Reprojects this NDCube to the coordinates described by another WCS object.

Parameters:
  • algorithm (str) – The algorithm to use for reprojecting. This can be any of: ‘interpolation’, ‘adaptive’, and ‘exact’.

  • target_wcs (astropy.wcs.wcsapi.BaseHighLevelWCS, astropy.wcs.wcsapi.BaseLowLevelWCS,) – or astropy.io.fits.Header The WCS object to which the NDCube is to be reprojected.

  • shape_out (tuple, optional) – The shape of the output data array. The ordering of the dimensions must follow NumPy ordering and not the WCS pixel shape. If not specified, array_shape attribute (if available) from the low level API of the target_wcs is used.

  • order (int or str) – The order of the interpolation (used only when the ‘interpolation’ or ‘adaptive’ algorithm is selected). For ‘interpolation’ algorithm, this can be any of: ‘nearest-neighbor’, ‘bilinear’, ‘biquadratic’, and ‘bicubic’. For ‘adaptive’ algorithm, this can be either ‘nearest-neighbor’ or ‘bilinear’.
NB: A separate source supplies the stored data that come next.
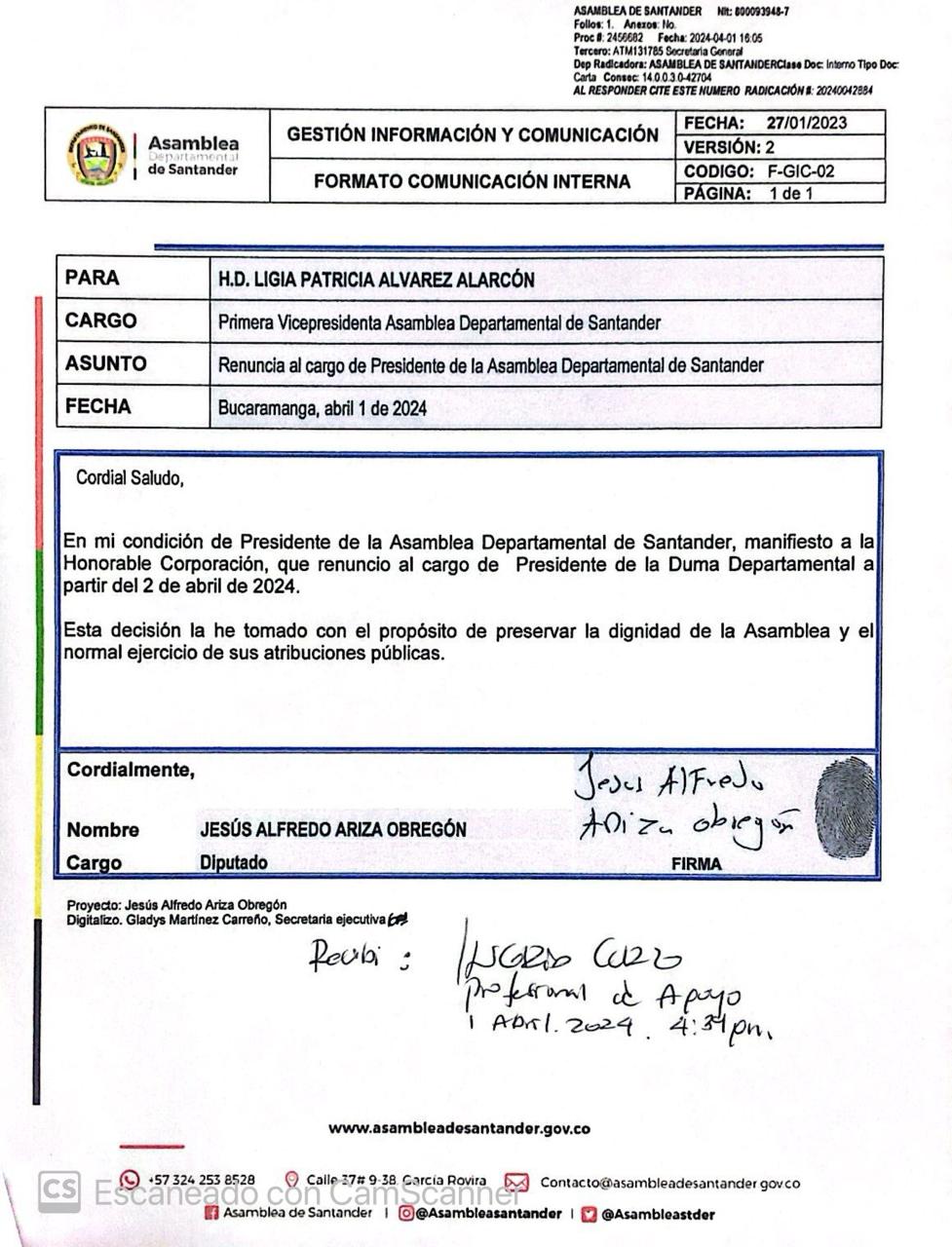 Finalmente, el diputado Ariza presentó hoy 1 de abril del 2024, su carta de renuncia dirigida a la vicepresidenta de la Asamblea, Ligia Patricia Álvarez Alarcón.
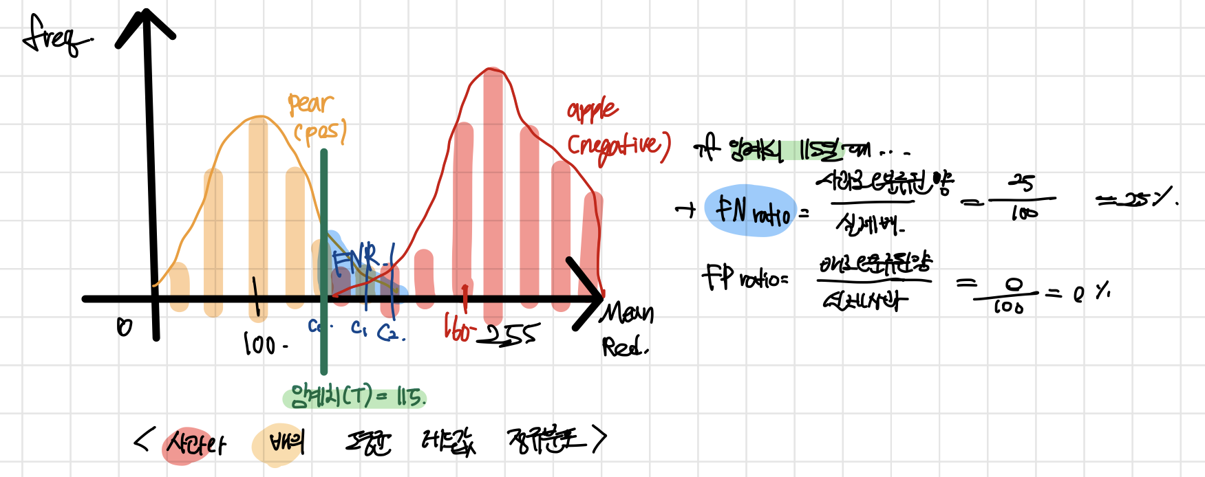 - 임계값 T가 낮으면 거짓부정(FN)이 많아지고, 높으면 거짓긍정(FP)이 많아짐
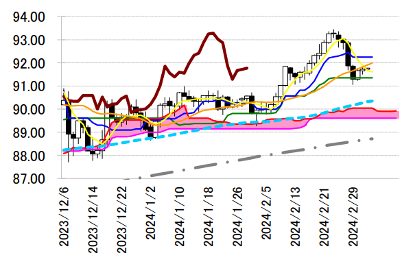 レジスタンス 1 92.25(日足一目均衡表・転換線)
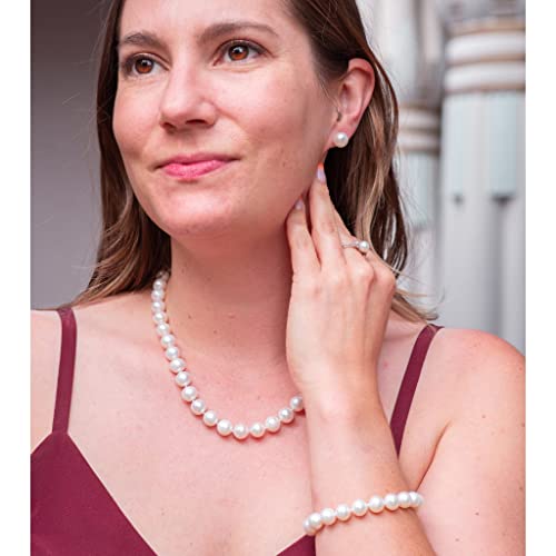 ROUND Real Pearl Necklace Set for Women Bracelet Stud Earrings Ivory Beige Cream White Pearl Jewelry Set Men Cultured Freshwater Wedding
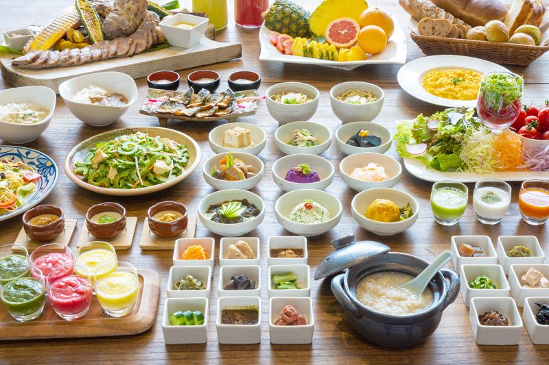 朝昼晩、発酵の力でカラダとココロが喜ぶごはんをご用意!有機栽培された色とりどりの島野菜や、平飼いで育った健康たまご、無投薬の安心な「結のエビ」などを使った体にやさしい素材を中心をお楽しみいただけます。
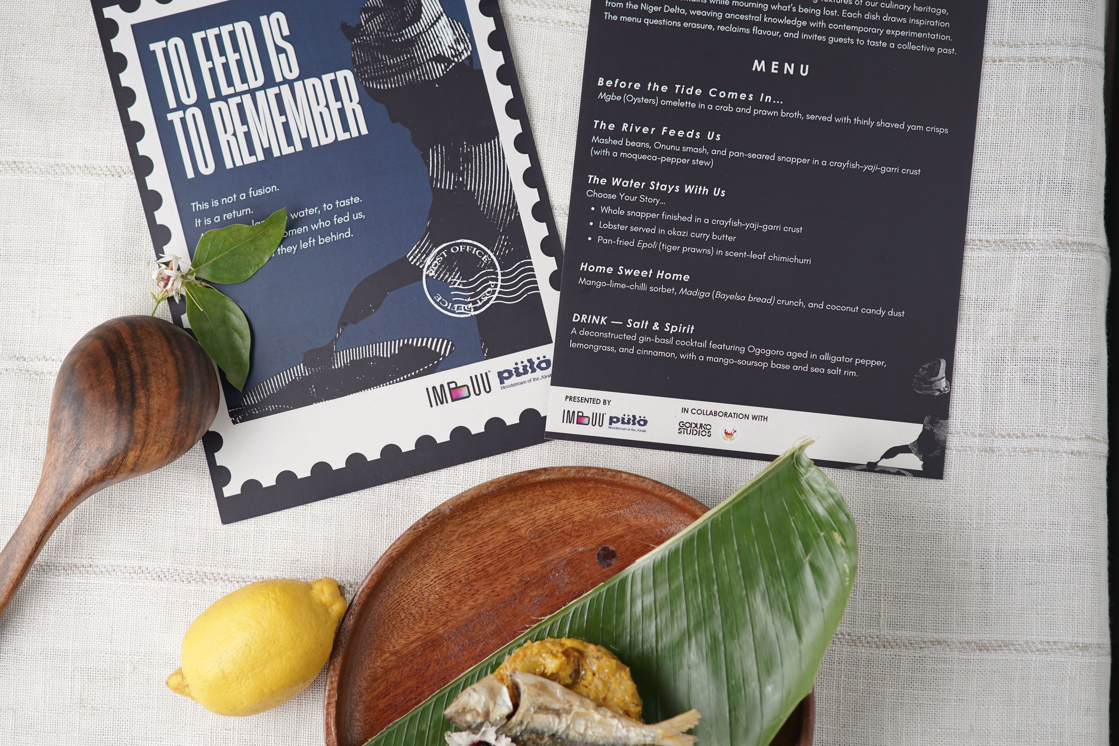 To honour Mbu, we chose not just to recreate her dishes but also to reimagine them. The tasting became a translation of her most memorable ingredients and her wheelbarrow of food reassembled into a curated table, where flavours carried history and the quiet power of women who fed us into being.
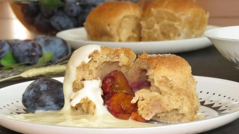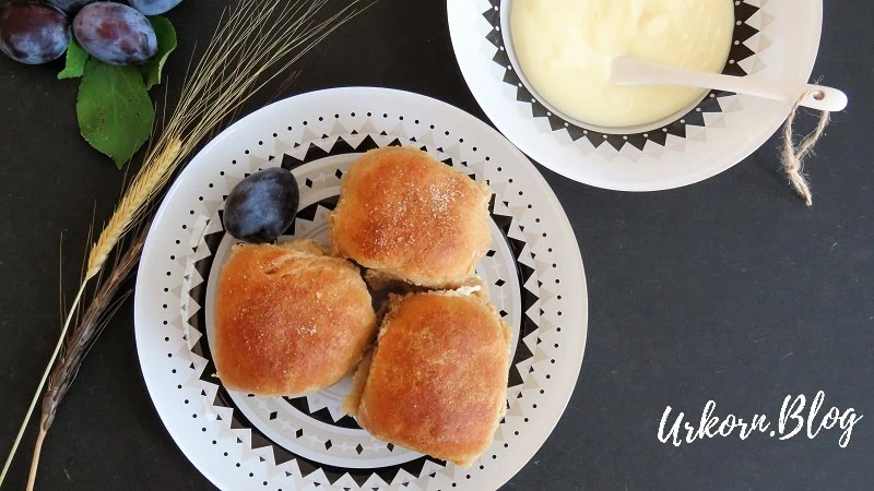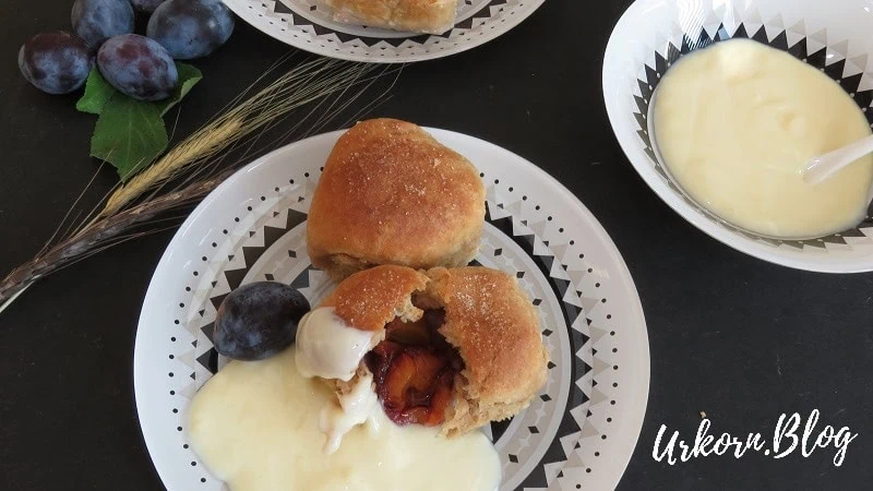 Zwetschgen-Zeit! Eine kleine Zwetschgen-Flut ist diese Woche bei mir angekommen. Frisch vom Baum gepflückt hat mir mein Vater eine rießigen Korb dieser tollen blauen Früchte gebracht. „Einfach mal blaumachen“ hab ich mir gedacht und gleich davon genascht. Das beliebte Steinobst ist schließlich nicht nur lecker, sondern auch sehr gesund und ein wahrer Schatz an gesunden Inhaltsstoffen. Ein süßes und schönmachendes Geschenk der Natur an uns. Mit fast 10 kg dieser blauen Früchte hatte ich nun alle Möglichkeiten diese kreativ zu verarbeiten. So habe ich einen Tag in der Küche verbracht und Zwetschgenmarmelade, Zwetschgenmuß – in Österreich und Bayern als Powidl bekannt, getrocknete Zwetschgen und Zwetschgenkuchen gemacht. Dann bin ich bei einer Tasse Kaffee – natürlich mit Zwetschgenkuchen – auf ein Rezept der Böhmischen Buchteln gestoßen, habe dieses etwas umgebaut und mit Urgetreide und frischen Zwetschgen ausprobiert. Hat super funktioniert, super geschmeckt und passt perfekt in die Kategorie „Vollkorn 2.0 – für Kinder sehr geeignet“
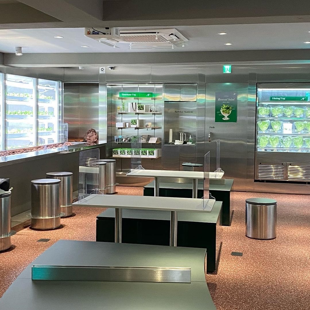 室内で栽培された野菜を使ったメニューがベルトコンベアで運ばれてくる斬新なカフェです。実際に目の前には栽培されている野菜を見ることができ、健康に良いメニューを楽しむことができます✨
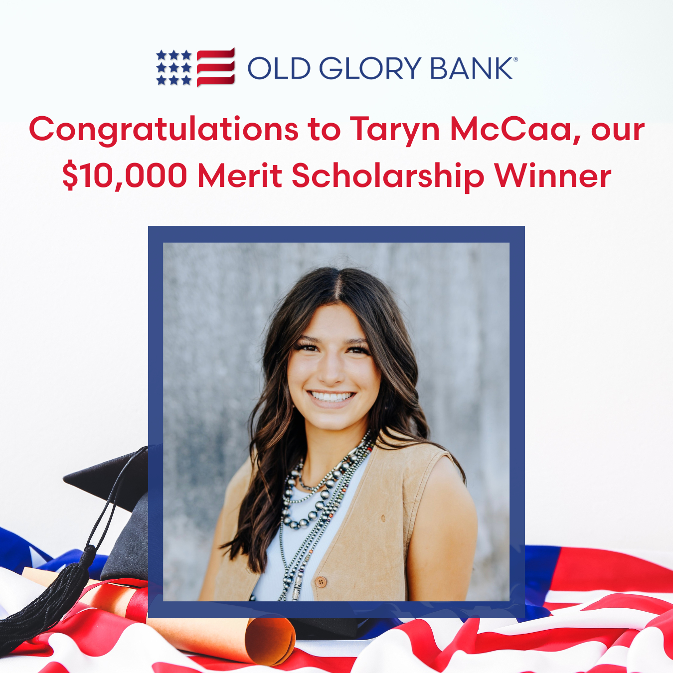 Through this competitive selection process, Old Glory Bank selected Taryn McCaa as the 2025 scholarship recipient.
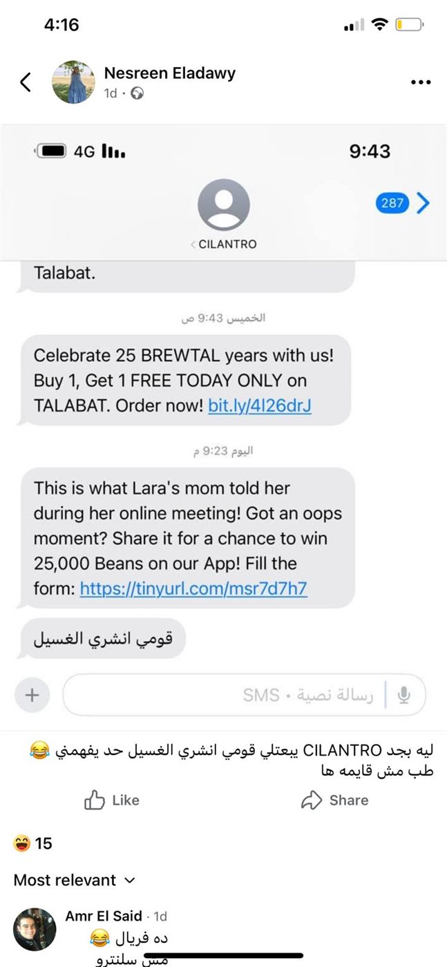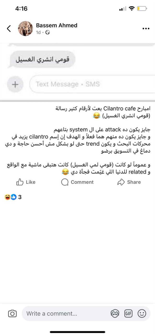 فقد فوجئ عدد من مستخدمي الهواتف المحمولة برسائل نصية غريبة تحمل عبارات مثل “قومي انشري الغسيل” و“اقفلي الكاميرا”، ليتبين لاحقًا أن مصدرها هو المقهى المعروف، في إطار حملة ترويجية جديدة اعتمدت على أسلوب المفاجأة لجذب الانتباه.
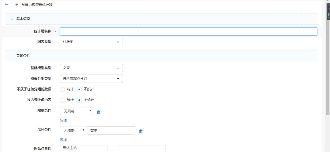 1,创建内容统计管理统计项,填写条件
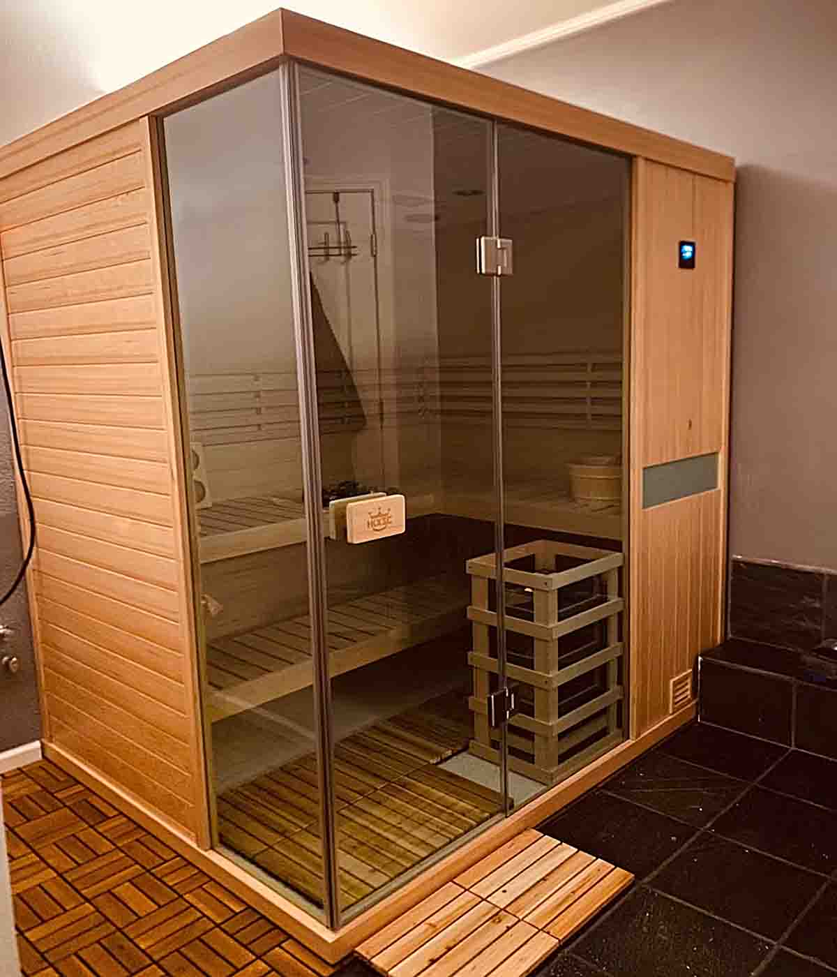 Crafted from select-grade Hemlock wood and African Mahogany for superior durability, heat resistance, and a naturally aromatic sauna experience.
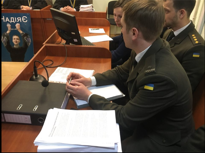 "Было бы интересно осмотреть на заголовки российских газет, как Броварской суд судил Савченко и Рубана без адвоката", - шутит руководитель "Офицерского корпуса". Он также указывает на невозможность продолжения слушания без защитников.
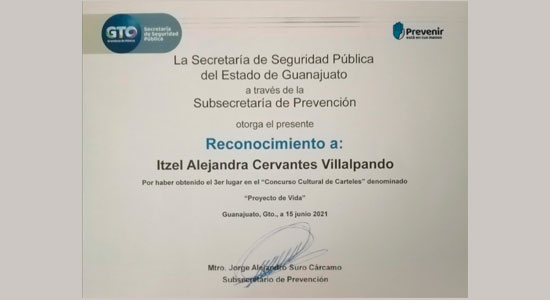 Ivanna Ofelia Ávila Uribe, Ivana Berenice Rivera Moreno e Itzel Alejandra Cervantes Villalpando, estudiantes de la Universidad De La Salle Bajío Campus Juan Alonso de Torres, conquistaron los tres primeros lugares respectivamente del concurso Cultural de Carteles que organizó la Secretaría de Seguridad Pública del estado de Guanajuato.
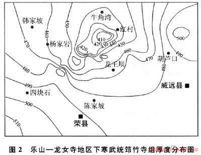 2) 下寒武統(tǒng)頁巖地層:分布面積大、范圍廣,可及整個揚(yáng)子地臺區(qū),現(xiàn)今殘留面積約90×104km2。烴源巖厚度50~500m,其中厚度大于50m以上烴源巖面積約58×104km2。發(fā)育的層位相當(dāng)穩(wěn)定,以下寒武統(tǒng)筇竹寺組為主,與之相當(dāng)?shù)倪€有川黔鄂地區(qū)的牛蹄塘組或水井沱組、蘇浙皖地區(qū)的荷塘組、冷泉王組等。巖性主要為暗色頁巖、黑色碳質(zhì)頁巖、碳硅質(zhì)頁巖、黑色粉砂質(zhì)頁巖。上揚(yáng)子地區(qū)的滇東、黔東北地區(qū)的頁巖地層普遍含磷,下?lián)P子地區(qū)夾石煤層。有機(jī)碳含量多在2.0%以上,最高可達(dá)13.64%,平均為2.77%。四川盆地下寒武統(tǒng)筇竹寺組井下樣品測試,有機(jī)碳含量平均為0.36%~5.03%,露頭樣品分析,有機(jī)碳含量平均為1.92%~2.35%(表3)。母質(zhì)類型以腐泥型干酪根為主,少量為腐殖型。干酪根δ13C為-29.82‰~-32.92‰(PDB),平均為-30.88‰,成烴潛力大。上揚(yáng)子與下?lián)P子地區(qū)頁巖演化程度較高,Ro一般大于3%,最高可至5%及以上;中揚(yáng)子地區(qū)頁巖的演化程度略低,Ro為2.0%~3.0%,部分還小于2.0%。目前在揚(yáng)子區(qū)已發(fā)現(xiàn)的古油藏,如貴州甕安古油藏、麻江古油藏、銅仁古油藏、浙江泰山古油藏、湘西南山坪古油藏、紹興坡塘古油藏等,油源均來自于下寒武統(tǒng)烴源巖。下寒武統(tǒng)烴源巖的分布范圍、厚度及有機(jī)碳含量在區(qū)域上基本穩(wěn)定,差異不大。上揚(yáng)子地區(qū)的四川盆地南部地區(qū)烴源巖厚度為200~400m,有機(jī)碳含量0.5%~5.00;至黔北、五陵、湘鄂西地區(qū)烴源巖厚度為50~500m,有機(jī)碳含量為0.5%~3.0%;江南隆起北緣生油區(qū)烴源巖厚度為200~400m,有機(jī)碳含量為0.5%~2%,至下?lián)P子地區(qū)西北部生油區(qū)烴源巖厚度是50~120m,有機(jī)碳含量為0.5%~5%;皖南、蘇南生油區(qū)烴源巖相對不發(fā)育,厚度在50m左右,有機(jī)碳含量為0.50~4%。下寒武統(tǒng)烴源巖生烴強(qiáng)度較高,部分地區(qū)為(100~200)×108m3/km2。四川盆地下寒武統(tǒng)筇竹寺組黑色頁巖厚74~400m,有機(jī)碳含量0.5%~4.1%,Ro為1.83%~3.26%。樂山-龍女寺地區(qū)下寒武統(tǒng)筇竹寺組發(fā)育最好(圖2),為一套淺水陸棚環(huán)境下沉積的黑色、深灰色頁巖,厚度一般為100~400m,資陽-威遠(yuǎn)地區(qū)較厚,達(dá)250~350m,由古隆起頂部向南部坳陷區(qū)厚度大幅度增加。
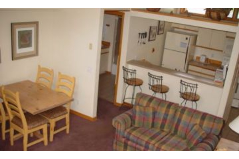 This two-level townhome has two bedrooms and two full bathrooms. The master suite offers beautiful cathedral ceilings and a king size bed. The other bedroom/den offers a queen murphy bed and a sofa sleeper is available. There is a nice fully equipped kitchen with breakfast bar, a dining area, and a lovely living room with fireplace. The 2nd level deck offers beautiful views of the pines. This unit includes a washer and dryer.Surrounding Description
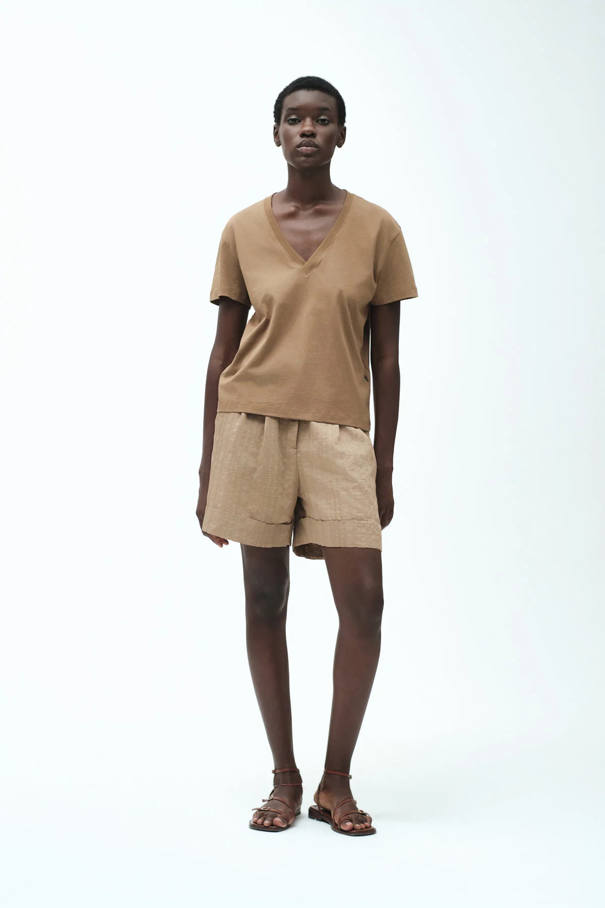 T-SHIRT IN COTONE SCOLLO V CON PATCH IN GOMMA – FD256
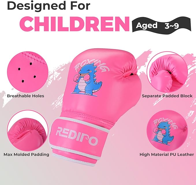- 【ERGONOMIC DESIGN】-- Ergonomic design with extra-thick protective padding on the knuckles provide ultimate safety in every punch. Redipo 4 & 6 OZ boxing fighting gloves are suitable for kids ages 3-9.

  • output_array (numpy.ndarray, optional) – An array in which to store the reprojected data. This can be any numpy array including a memory map, which may be helpful when dealing with extremely large files.

  • parallel (bool or int) – Flag for parallel implementation (used only when the ‘exact’ algorithm is selected). If True, a parallel implementation is chosen and the number of processes is selected automatically as the number of logical CPUs detected on the machine. If False, a serial implementation is chosen. If the flag is a positive integer n greater than one, a parallel implementation using n processes is chosen.

  • return_footprint (bool) – Whether to return the footprint in addition to the output NDCube.

Returns:

  • resampled_cube (ndcube.NDCube) – A new resultant NDCube object, the supplied target_wcs will be the .wcs attribute of the output NDCube.

  • footprint (numpy.ndarray) – Footprint of the input array in the output array. Values of 0 indicate no coverage or valid values in the input image, while values of 1 indicate valid values.

Notes

This method doesn’t support handling of the mask, extra_coords, and uncertainty attributes yet. However, meta and global_coords are copied to the output NDCube.